(SUPPLIED MATERIAL Opens)

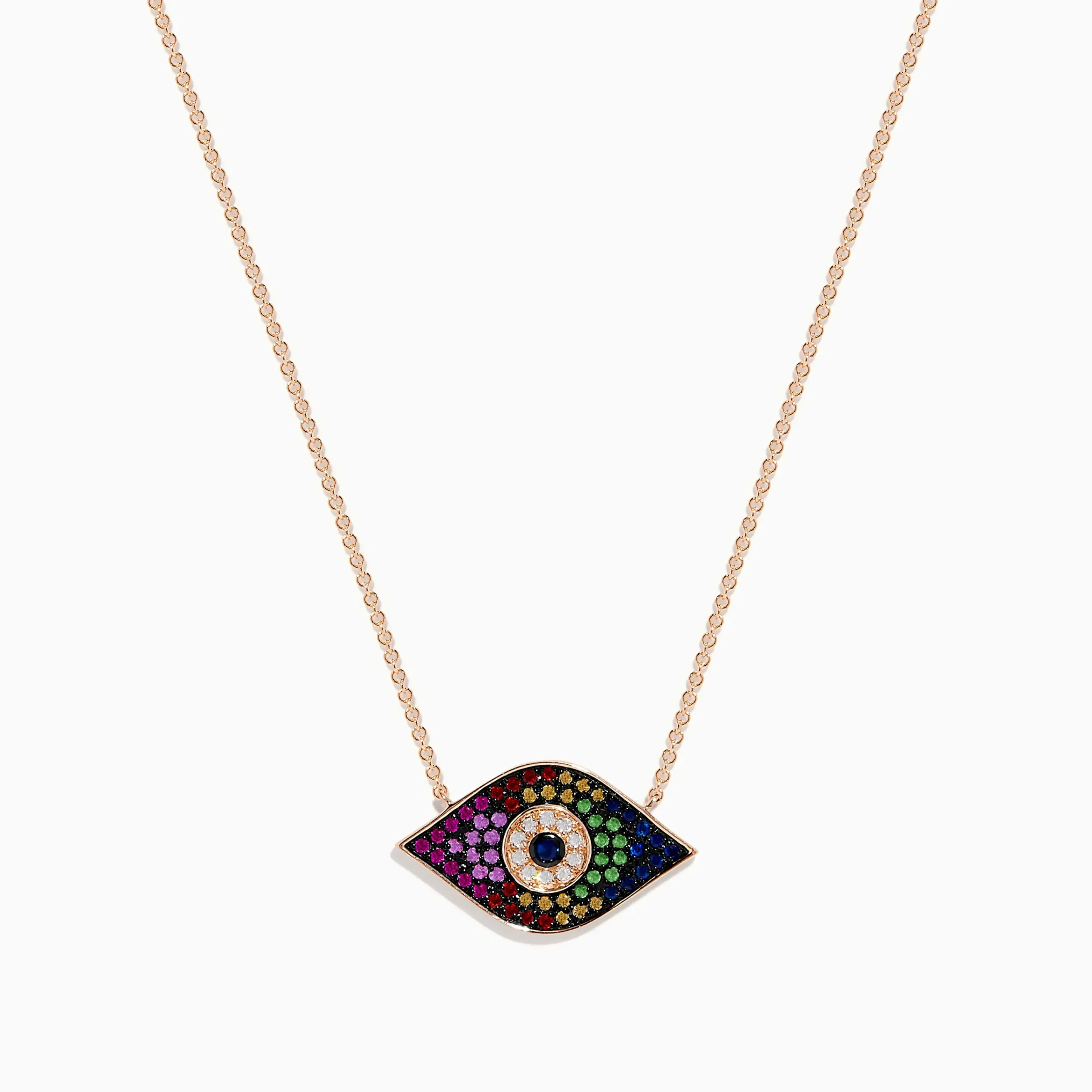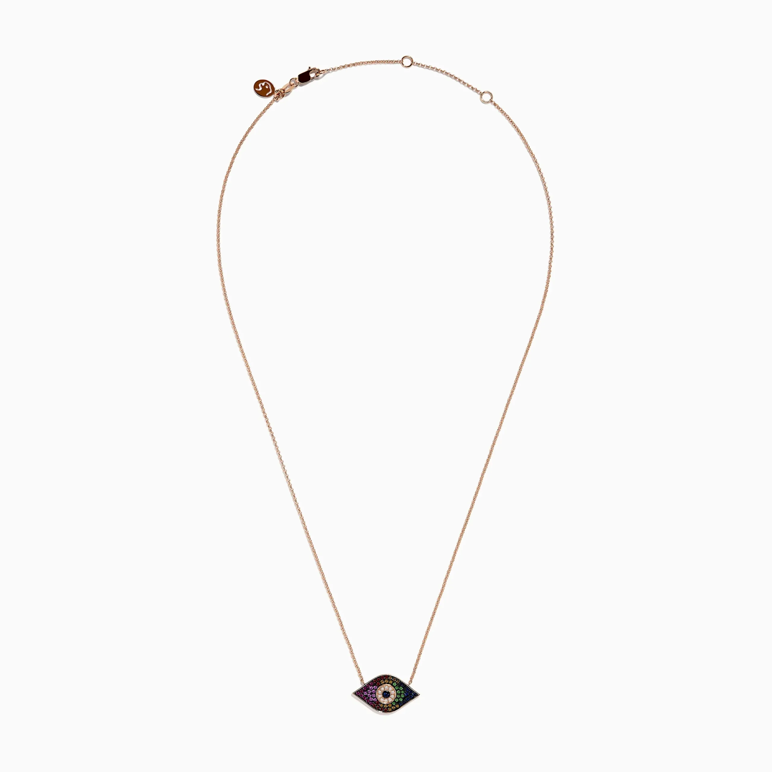Effy Novelty 14K Rose Gold Multi Sapphire & Diamond Evil Eye Necklace
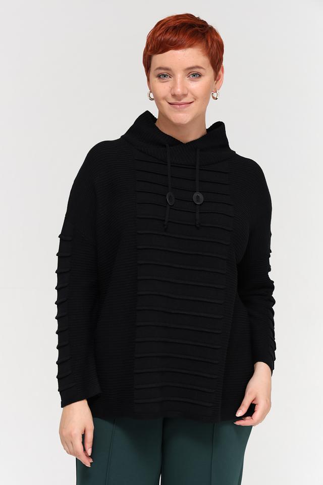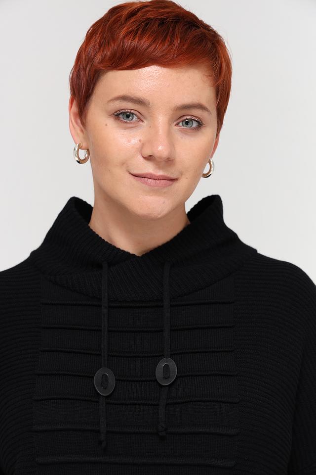Чёрный пуловер от Doris Streich – стильная модель с оригинальным дизайном и удобным кроем. Пуловер имеет текстурную вязку, декоративные шнурки и пуговицы, что придает ему особый шарм. Состав: вискоза 50%, полиакрил 50%
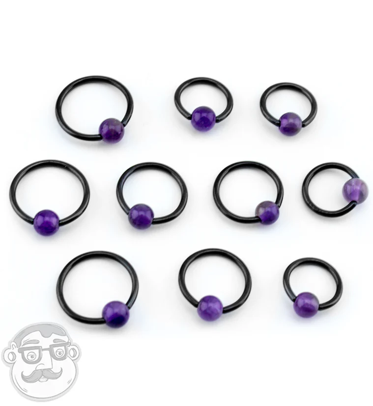 Amethyst Stone Black PVD Captive Bead Ring
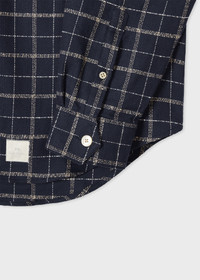 Regular-Fit Navy Cotton Crepe Check Overshirt

(SUPPLIED MATERIAL Closes)

Retype each line of the listing above word for word. Exclude the pictures.

EXPECTED ANSWER:
Effy Novelty 14K Rose Gold Multi Sapphire & Diamond Evil Eye Necklace
Чёрный пуловер от Doris Streich – стильная модель с оригинальным дизайном и удобным кроем. Пуловер имеет текстурную вязку, декоративные шнурки и пуговицы, что придает ему особый шарм. Состав: вискоза 50%, полиакрил 50%
 Amethyst Stone Black PVD Captive Bead Ring
 Regular-Fit Navy Cotton Crepe Check Overshirt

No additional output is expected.